MINNEAPOLIS — A new study that was published in the Journal of Pediatrics this week is adding support to the idea that kids can be COVID-19 “super spreaders” even if they don't have symptoms.
"It's unfortunately, a bit of a perfect storm,” Dr. Stacene Maroushek says.
Maroushek is a pediatric infectious disease expert at Hennepin Healthcare.
She sees a lot of kids and a lot of COVID, and she isn't surprised to see there’s a unique connection between them.
"The kids are not getting that sick with coronavirus and you may not know that they're shedding or spreading virus," Dr.

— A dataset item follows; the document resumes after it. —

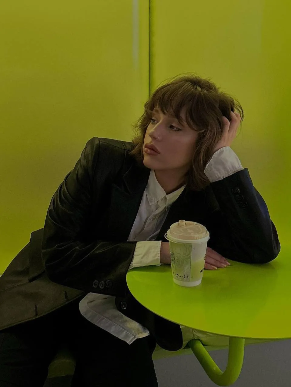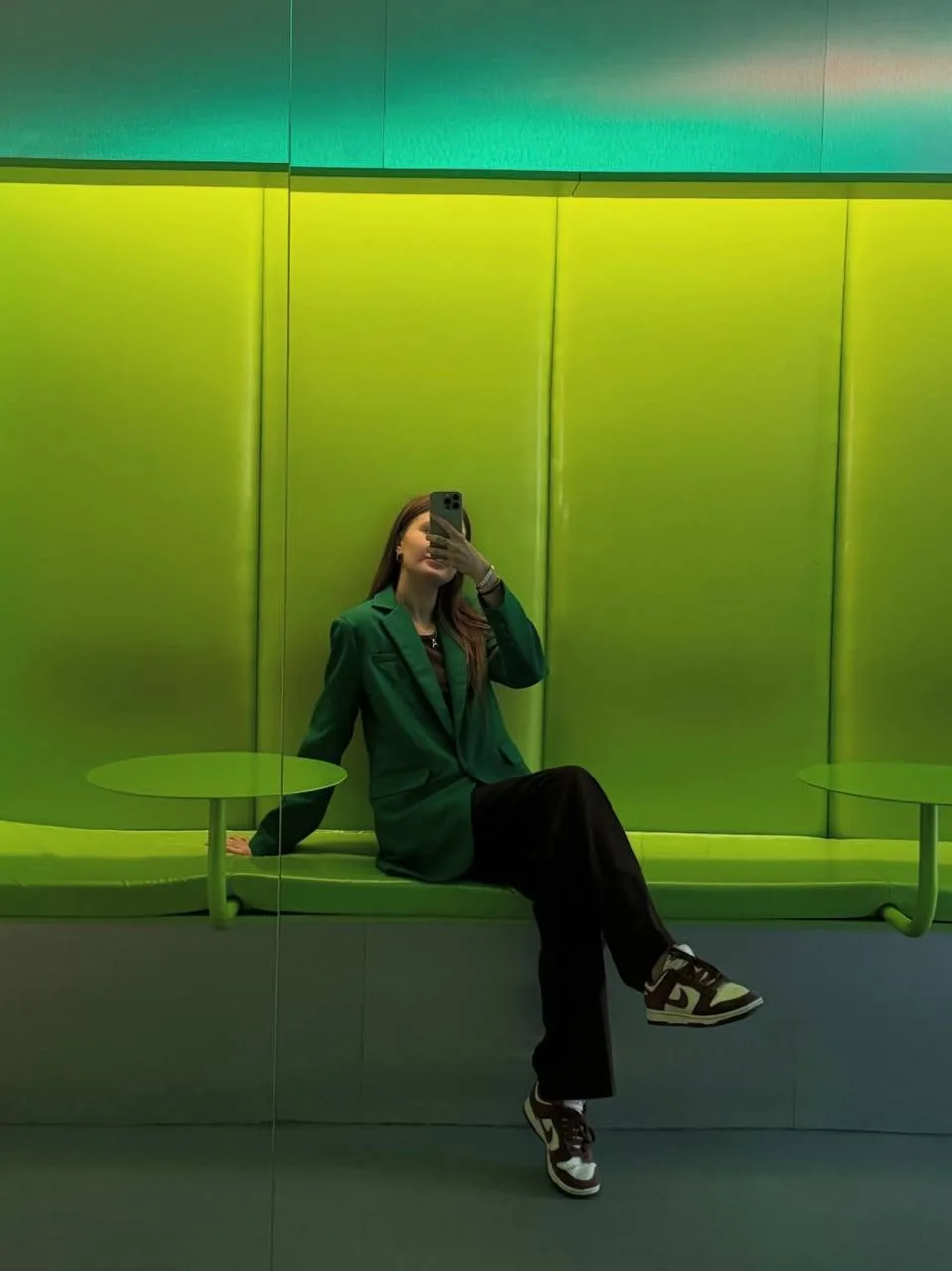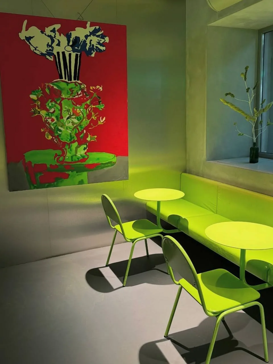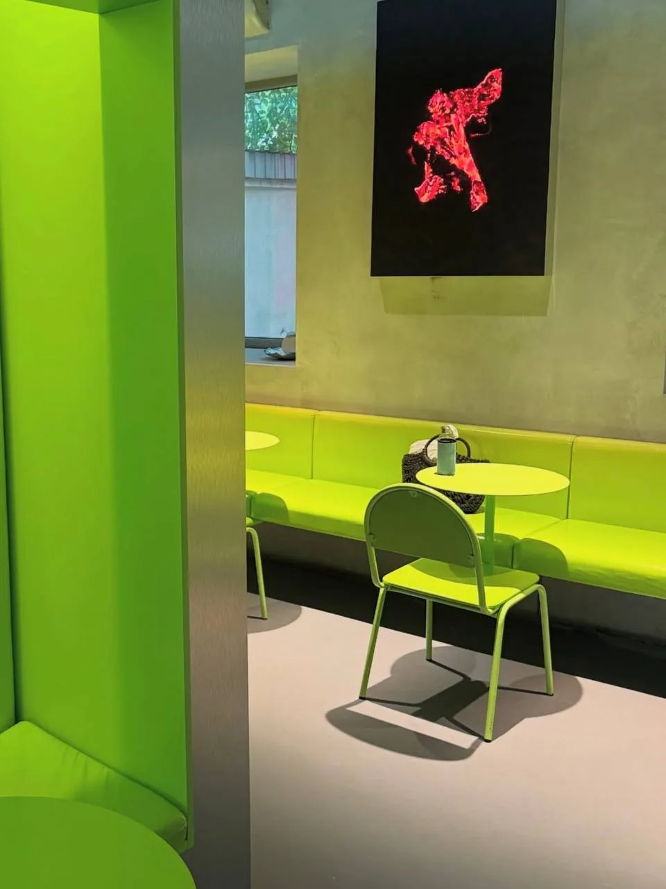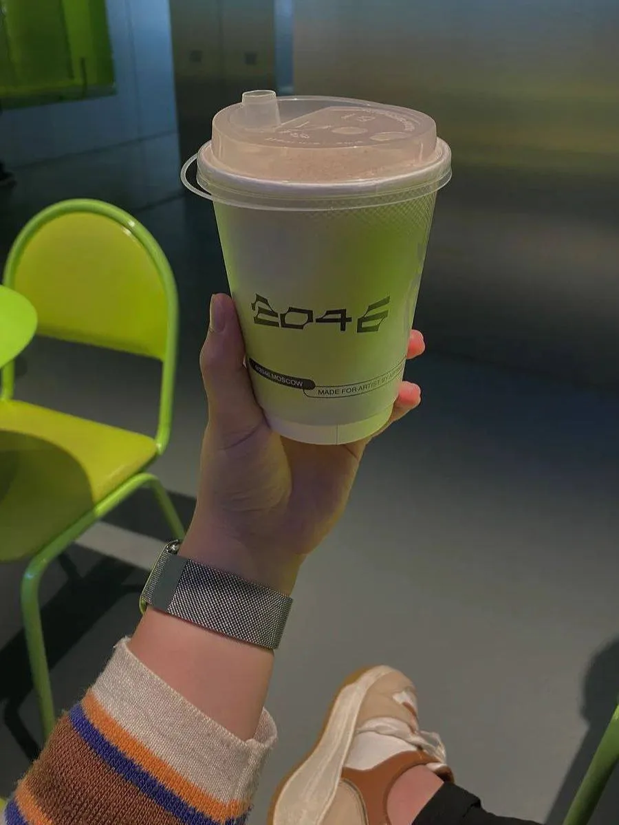 В кофейне «2046» — металл, неон и ярко‑зелёные акценты. Идеальный фон для стильных кадров 🔥

Maroushek says.
The study itself was conducted at Massachusetts General Hospital.
Researchers tested 192 kids for COVID-19.

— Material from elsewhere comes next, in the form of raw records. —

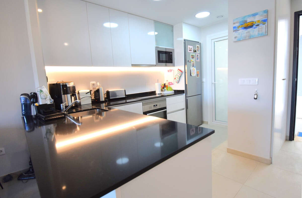 This West Facing, As New, Two Bedroom, Second Floor Apartment in Playa Flamenca, is located within a recently constructed and highly desirable resort, right in the heart of Orihuela Costa. Ideally positioned just a 8-minute walk to the beach, a 2-minute stroll to major chain supermarkets and café bars, and only 15 minutes to the popular La Zenia Boulevard shopping centre. Several top golf courses can also be reached within a 10-minute drive. Set within an impressive 17,000m2 resort, the complex boasts beautifully landscaped communal gardens, winding pathways, two heated swimming pools, three standard pools — one featuring a pool bar — two children's pools, six Jacuzzis, a fully equipped gym with panoramic views, sauna, chill-out zones, pond and fountains, a children's play area, walk and bike paths, and onsite commercial units offering added convenience. The apartment itself is modern, bright and open plan in design, featuring a spacious lounge/dining area with large double sliding glazed doors leading out to the terrace — the perfect spot to relax or dine al fresco. The sleek white fitted kitchen includes a breakfast bar and access to a separate utility room. There are two double bedrooms, both with built-in wardrobes, and the master benefits from direct access to the terrace and a stylish en suite shower room with door into the WC. Additional features include ducted air conditioning throughout, lift access within the block, and an allocated underground parking space. A stunning property in an exceptional setting — perfect for holidays, rental investment or full-time living on the Costa Blanca South.\n
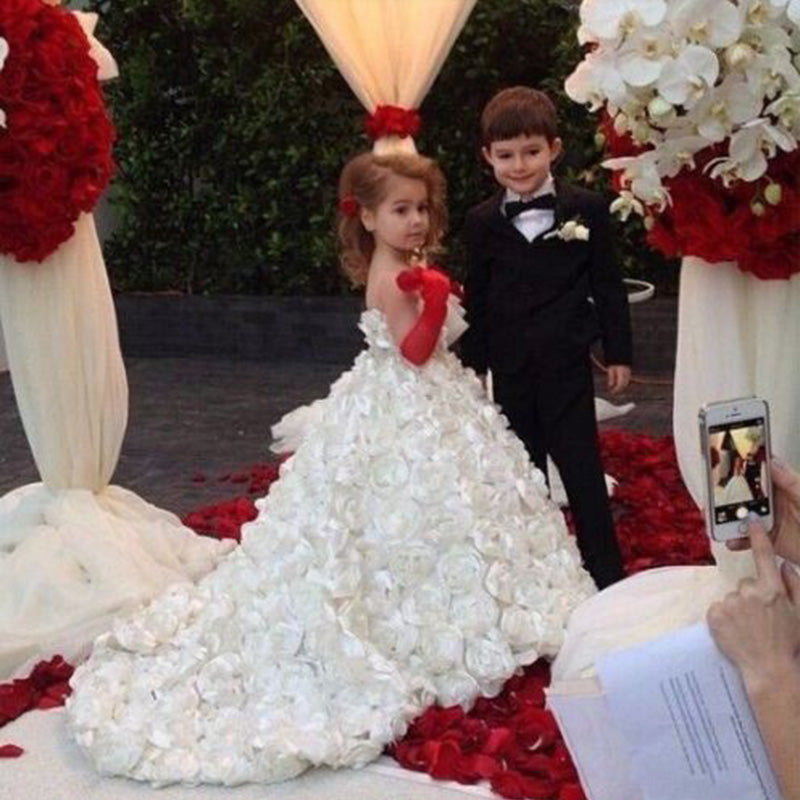 LP2365 Robe de demoiselle d'honneur blanche à col rond avec robe de première communion à pétales rouges Robe de soirée pour petite fille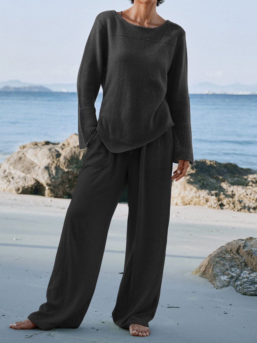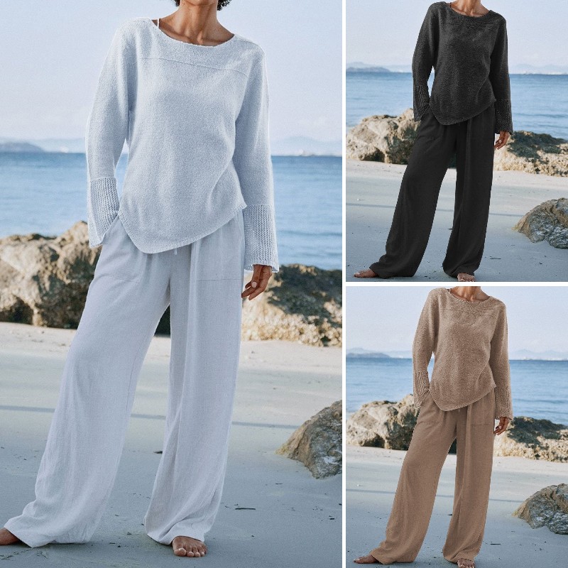 【diskon waktu terbatas】Pakaian baju lengan panjang, celana pinggang elastik kaki lurus, kain kualitas tinggi
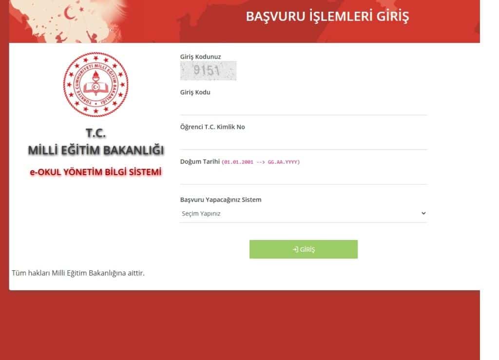 3.Adım Açılan Başvuru İşlemleri Giriş Sayfasından Öğrenci bilgilerini gir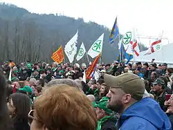 On 7 December, Salvini, endorsed by Maroni and most leading members (including Tosi, who had renounced a bid of his own), trounced Bossi with 82% of the vote in the "primary".[86] His election was ratified a week later by the party's federal congress in Turin.[87] Under Salvini, the party embraced a very critical view of the European Union,[88] especially of the Euro, which he described a "crime against mankind".[89] Ahead of the 2014 European Parliament election, Salvini started to cooperate with Marine Le Pen, leader of the French National Front; and Geert Wilders, leader of the Dutch Party for Freedom.[90][91][92] All this was criticised by Bossi, who re-called his left-wing roots;[93][94] and Tosi, who represented the party's centrist wing and defended the Euro.[95]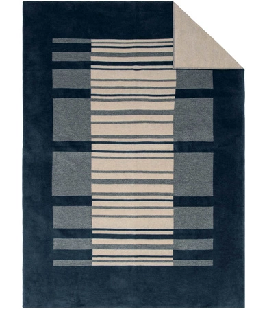 Koc Corato marki Ibena to elegancki, dwustronny dodatek do wnętrza, który wyróżnia się nowoczesnym wzorem w różnorodne pasy w odcieniach beżu i granatu. Kontrastowe, ale stonowane kolory tworzą harmonijną kompozycję, która nadaje wnętrzu głębi i wyrafinowanego charakteru. Geometryczne pasy o zróżnicowanej szerokości wprowadzają rytm i dynamikę, doskonale wpisując się zarówno w klasyczne, jak i nowoczesne aranżacje.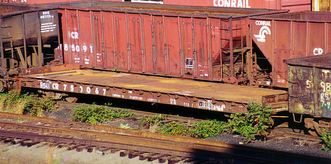 If you look closely through the weeds, you can see this former Penn Central F41 class flatcar with slanted CR stencils, which were used during the early days of Conrail. (The problem with photographing flatcars from the side is that they are just so...flat.)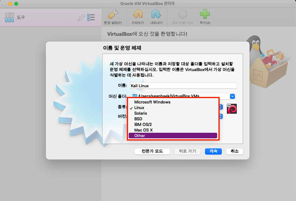 Vbox에는 버전 항목에서 Kali Linux가 없습니다.

Forty-nine children tested positive, but about half of those children were asymptomatic, they didn’t even have a fever.
The study showed some of the children, despite having minor symptoms or no symptoms at all, actually had very high levels of the virus in their system.
Some of these levels were even higher than the levels in some of the adults who were experiencing severe symptoms in the intensive care unit.
"For some reason this virus really isn't triggering a very vigorous immune response in kids and so the virus is really going unchecked," Dr. Maroushek says.
She says this is why some doctors are worried about kids going back to school.
Most of the kids will be fine, but the kids might take the virus home to mom and dad, or grandma and grandpa, or a vulnerable friend or neighbor.
She says this shouldn't scare families away from in-person learning, but it should be in the back of their minds.
"We're all very tired of the COVID isolation right now. I mean, we're in this sort of isolation fatigue already, but I think once the kids go back to school, you're going to need to double down on that."
The children in the study ranged from zero to 22-years old and researchers say the amount of virus in their system didn't change much with their age.
However, doctors are more concerned about teenagers and young adults who have more freedom to roam around the community and may spread the virus at higher levels when compared to other age groups.